**PROBLEM TO SOLVE:** Word for word, output the data, with none of its pictures.

┌──

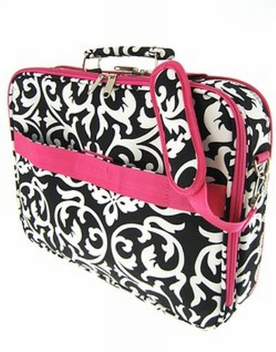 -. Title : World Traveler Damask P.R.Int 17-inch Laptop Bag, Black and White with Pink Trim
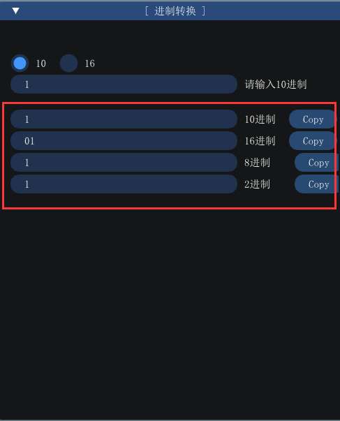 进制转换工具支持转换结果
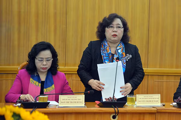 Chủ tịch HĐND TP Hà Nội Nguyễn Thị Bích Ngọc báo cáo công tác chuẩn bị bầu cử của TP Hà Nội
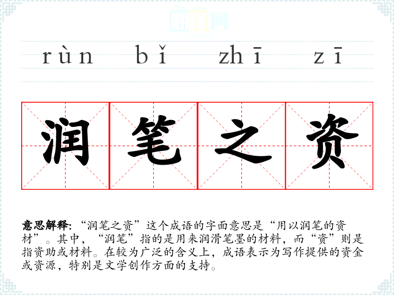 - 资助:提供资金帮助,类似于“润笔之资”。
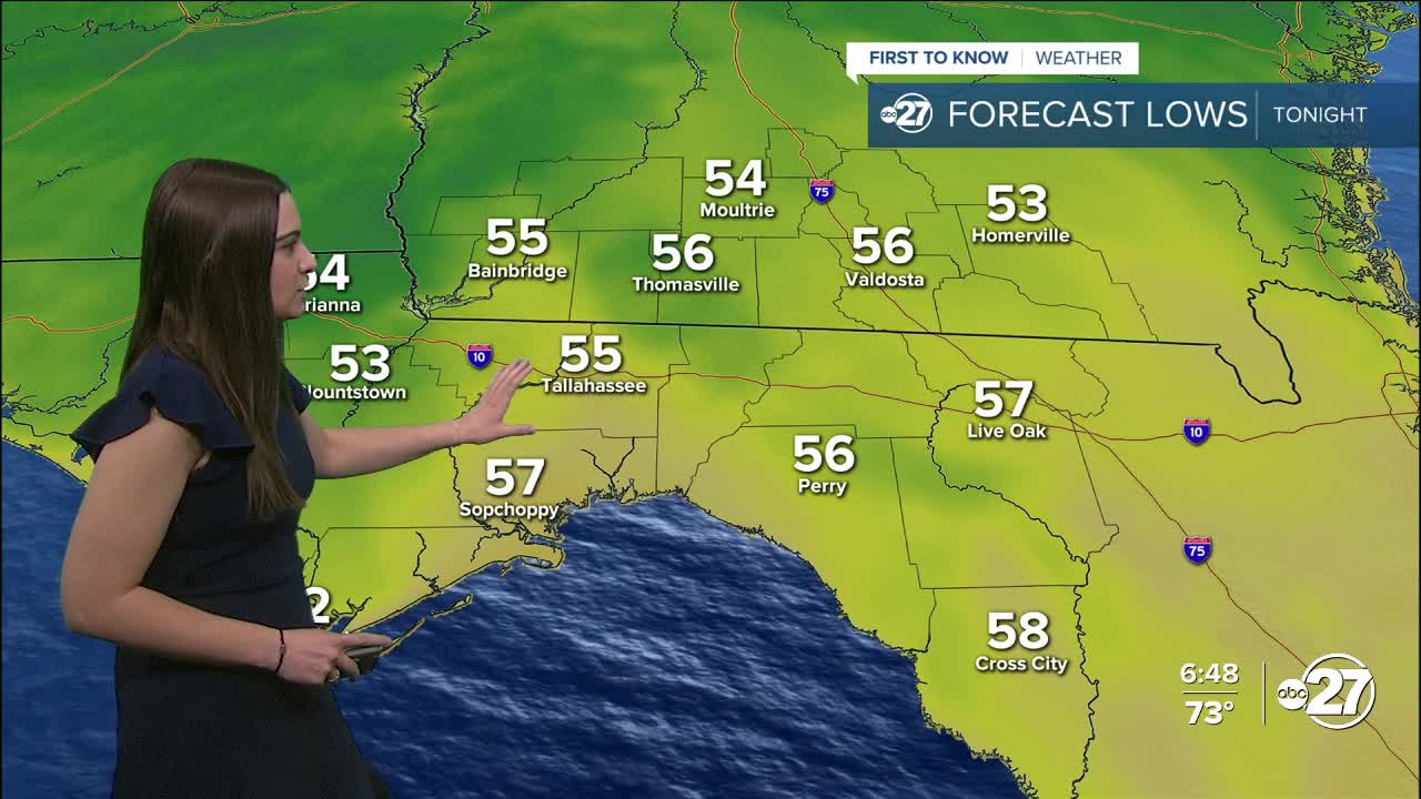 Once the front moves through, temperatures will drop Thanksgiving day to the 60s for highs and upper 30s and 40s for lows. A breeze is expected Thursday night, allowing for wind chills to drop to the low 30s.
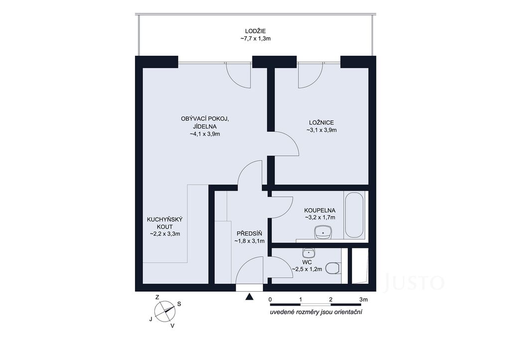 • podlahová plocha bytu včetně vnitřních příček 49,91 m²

└──

**ANSWER SPACE:**
 -. Title : World Traveler Damask P.R.Int 17-inch Laptop Bag, Black and White with Pink Trim
 进制转换工具支持转换结果
 Chủ tịch HĐND TP Hà Nội Nguyễn Thị Bích Ngọc báo cáo công tác chuẩn bị bầu cử của TP Hà Nội
 - 资助:提供资金帮助,类似于“润笔之资”。
 Once the front moves through, temperatures will drop Thanksgiving day to the 60s for highs and upper 30s and 40s for lows. A breeze is expected Thursday night, allowing for wind chills to drop to the low 30s.
 • podlahová plocha bytu včetně vnitřních příček 49,91 m²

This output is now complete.